Let's behave like true Clevelanders for a second and ask, "What could possibly derail the 2008 Browns season?"
The Browns cup of promise runneth over as training camp opens this week, at least more so than any Browns team since the late '80s. The weaknesses of the roster, such as cornerback depth, are relatively small and kind of nitpicky. The strengths are many: A deep offensive line anchored on the left side by two Pro Bowl-caliber blockers in Joe Thomas and Eric Steinbach. An improved defensive line featuring Shaun Rogers, a nose tackle who might finally command double teams and open up rushing lanes for Kamerion Wimbley.
The Browns have two starting quarterbacks. Hate on Derek Anderson or Brady Quinn as much as you would like, but a number of NFL teams would gladly take either and give him a shot under center.
The receiver and tight end corps is fronted by a couple of thoroughbreds in Braylon Edwards and Kellen Winslow.

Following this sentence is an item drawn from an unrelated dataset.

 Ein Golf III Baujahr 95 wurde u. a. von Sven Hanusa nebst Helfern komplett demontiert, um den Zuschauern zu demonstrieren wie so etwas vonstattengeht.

Donte' Stallworth is a third option who would likely be a second option on a lot of teams.
So with all this rampant optimism, how can we balance it with a nice shot of negativity to give it that true Cleveland feel?
Don't worry. The Browns are already doing it for us. Or has the boulevard of broken dreams that was LeCharles Bentley's short stay as a Brown already passed from conscious thought?

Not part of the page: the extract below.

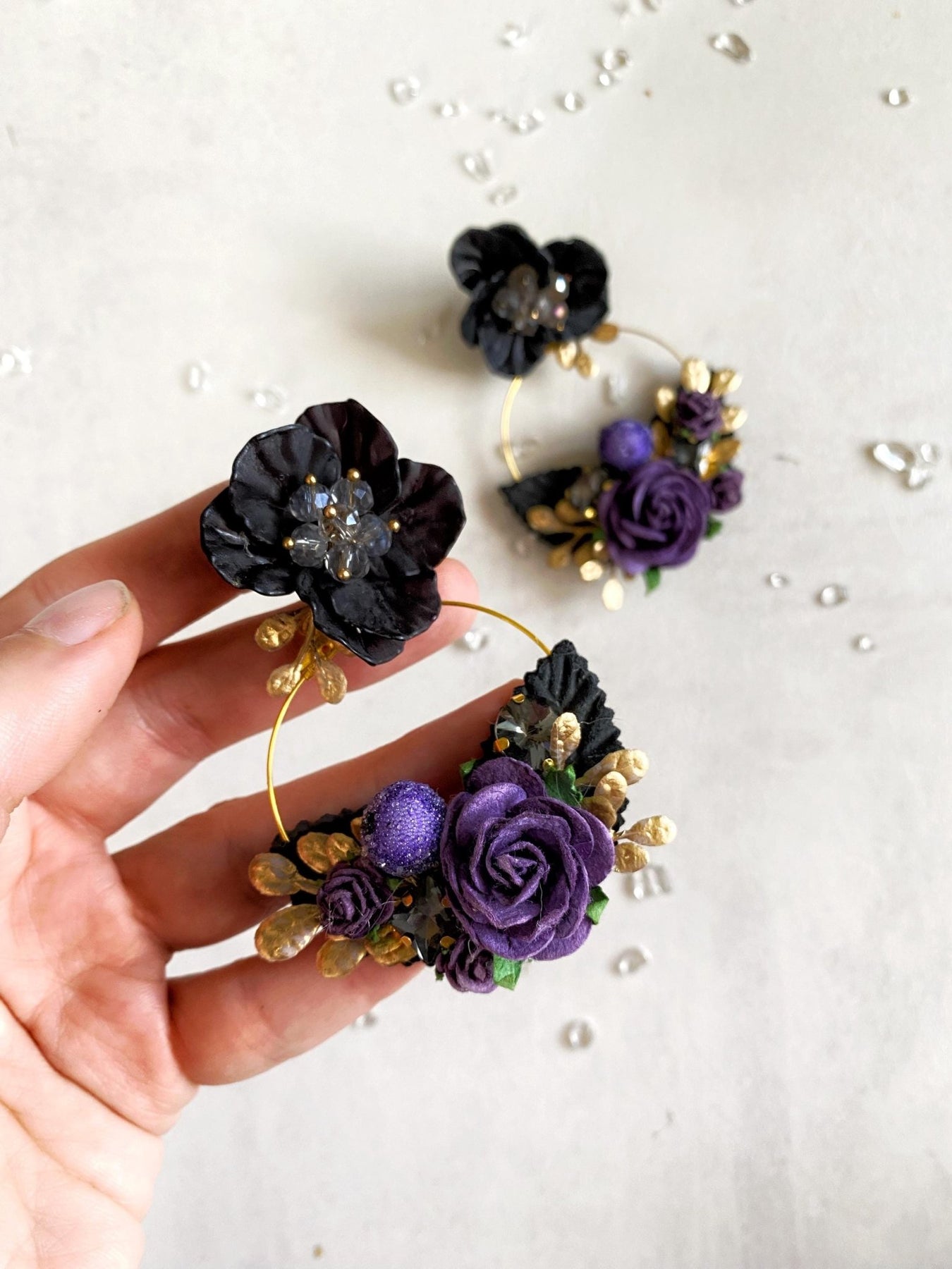 Purple & Gold Flower Earrings: Gothic Bridal Jewelry, 6cm Circle – handmade floral hair accessory by magaela

It's the middle of summer. It must be time for a visit from the Injury Bug. That annoying little gnat that buzzes around the collective head of the Browns seemingly every year, claiming weeks and months and seasons, and in the cases of Bentley and Gary Baxter, maybe even careers.

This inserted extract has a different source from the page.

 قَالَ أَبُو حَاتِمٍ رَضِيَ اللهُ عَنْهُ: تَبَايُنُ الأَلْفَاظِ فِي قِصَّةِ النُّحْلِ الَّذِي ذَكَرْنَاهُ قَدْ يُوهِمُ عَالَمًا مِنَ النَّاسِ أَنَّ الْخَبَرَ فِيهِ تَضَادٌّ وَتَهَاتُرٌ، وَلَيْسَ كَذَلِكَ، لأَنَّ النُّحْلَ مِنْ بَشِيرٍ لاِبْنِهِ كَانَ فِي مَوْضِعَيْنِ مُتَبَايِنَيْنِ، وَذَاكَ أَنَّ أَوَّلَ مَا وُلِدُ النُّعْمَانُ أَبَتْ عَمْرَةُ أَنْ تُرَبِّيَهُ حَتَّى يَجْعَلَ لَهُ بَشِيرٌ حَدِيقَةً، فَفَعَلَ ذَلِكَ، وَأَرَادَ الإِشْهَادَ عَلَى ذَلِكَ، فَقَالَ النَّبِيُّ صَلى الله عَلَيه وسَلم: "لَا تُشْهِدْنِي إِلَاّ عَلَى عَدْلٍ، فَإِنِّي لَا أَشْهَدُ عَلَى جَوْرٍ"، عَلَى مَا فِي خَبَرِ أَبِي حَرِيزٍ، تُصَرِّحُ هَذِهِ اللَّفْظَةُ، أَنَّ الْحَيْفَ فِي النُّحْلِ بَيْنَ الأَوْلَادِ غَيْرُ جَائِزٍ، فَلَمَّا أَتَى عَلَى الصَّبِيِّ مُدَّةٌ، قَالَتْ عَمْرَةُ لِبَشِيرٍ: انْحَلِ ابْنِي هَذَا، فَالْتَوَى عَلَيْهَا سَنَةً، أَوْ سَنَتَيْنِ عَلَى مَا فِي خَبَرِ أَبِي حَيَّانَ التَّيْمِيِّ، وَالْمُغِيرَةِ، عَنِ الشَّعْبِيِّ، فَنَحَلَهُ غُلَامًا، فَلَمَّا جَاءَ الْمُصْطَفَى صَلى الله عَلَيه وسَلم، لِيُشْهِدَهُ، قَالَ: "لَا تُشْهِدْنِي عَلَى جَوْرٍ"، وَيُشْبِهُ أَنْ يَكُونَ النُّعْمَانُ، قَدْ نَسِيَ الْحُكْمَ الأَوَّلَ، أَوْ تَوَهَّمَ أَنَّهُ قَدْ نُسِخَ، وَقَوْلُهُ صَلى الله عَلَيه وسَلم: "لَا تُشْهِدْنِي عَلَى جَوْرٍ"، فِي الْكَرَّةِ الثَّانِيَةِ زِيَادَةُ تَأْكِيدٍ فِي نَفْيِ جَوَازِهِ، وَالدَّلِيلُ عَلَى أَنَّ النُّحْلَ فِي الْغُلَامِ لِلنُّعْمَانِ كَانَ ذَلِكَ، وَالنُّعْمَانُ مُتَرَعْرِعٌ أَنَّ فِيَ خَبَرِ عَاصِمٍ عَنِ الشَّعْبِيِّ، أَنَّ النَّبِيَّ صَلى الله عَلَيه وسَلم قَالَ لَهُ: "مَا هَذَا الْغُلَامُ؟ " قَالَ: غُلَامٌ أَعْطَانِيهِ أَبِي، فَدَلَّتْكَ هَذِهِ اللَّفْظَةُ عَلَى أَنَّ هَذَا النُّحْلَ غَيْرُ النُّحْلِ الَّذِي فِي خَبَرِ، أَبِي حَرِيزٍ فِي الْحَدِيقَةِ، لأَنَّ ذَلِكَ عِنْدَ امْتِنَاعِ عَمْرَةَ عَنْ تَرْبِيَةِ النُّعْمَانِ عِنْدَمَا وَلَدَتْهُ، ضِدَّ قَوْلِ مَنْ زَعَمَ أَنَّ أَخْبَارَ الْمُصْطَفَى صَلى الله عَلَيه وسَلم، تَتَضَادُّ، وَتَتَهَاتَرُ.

Did I say annoying little gnat? Maybe more like a horrifying, carnivorous harbinger of doom. Like a piranha with wings.
The Injury Bug can strike swiftly and severely, crushing a season in the time it takes for a knee tendon to burst, as it did with Bentley. Or it can nick you to death with a thousand well-placed paper cuts. If the Injury Bug is to ruin the Browns' '08 campaign, that would appear it be its method of operation.
Before the Browns don pads and engage in full contact drills, they will already be without Ryan Tucker, who is recovering from a hip injury, Daven Holly, lost for the year to knee surgery, and Joe Jurevicius, struggling to come back from multiple knee surgeries, the result of being the latest Brown to suffer a staph infection.
It appears Jurevicius, aging but still one of the better possession receivers in the league, will begin the season on the physically unable to perform list, holding him out until after Week 6 at the earliest. Another setback, and he might call it a career.
Right now, the Injury Bug's bite is a relative nibble. Tucker was slated to enter the season as the starting right guard, but the Browns have other options on the roster. Losing Holly hurts an already-depleted cornerback group, but he was considered a dark horse to land a starting job at best.
Losing Jurevicius for months would have caused more damage last year when he was the second wide receiver. As the third receiver, there is a better chance his production could be replaced by someone already in camp. Maybe Travis Wilson can finally start earning his keep.
If this is all the blood the Injury Bug draws this season, the Browns will still field a team capable of playing deep into January. But when three potential starters go down with long term injuries before the start of training camp, you have to wonder if this is only the tip of the iceberg.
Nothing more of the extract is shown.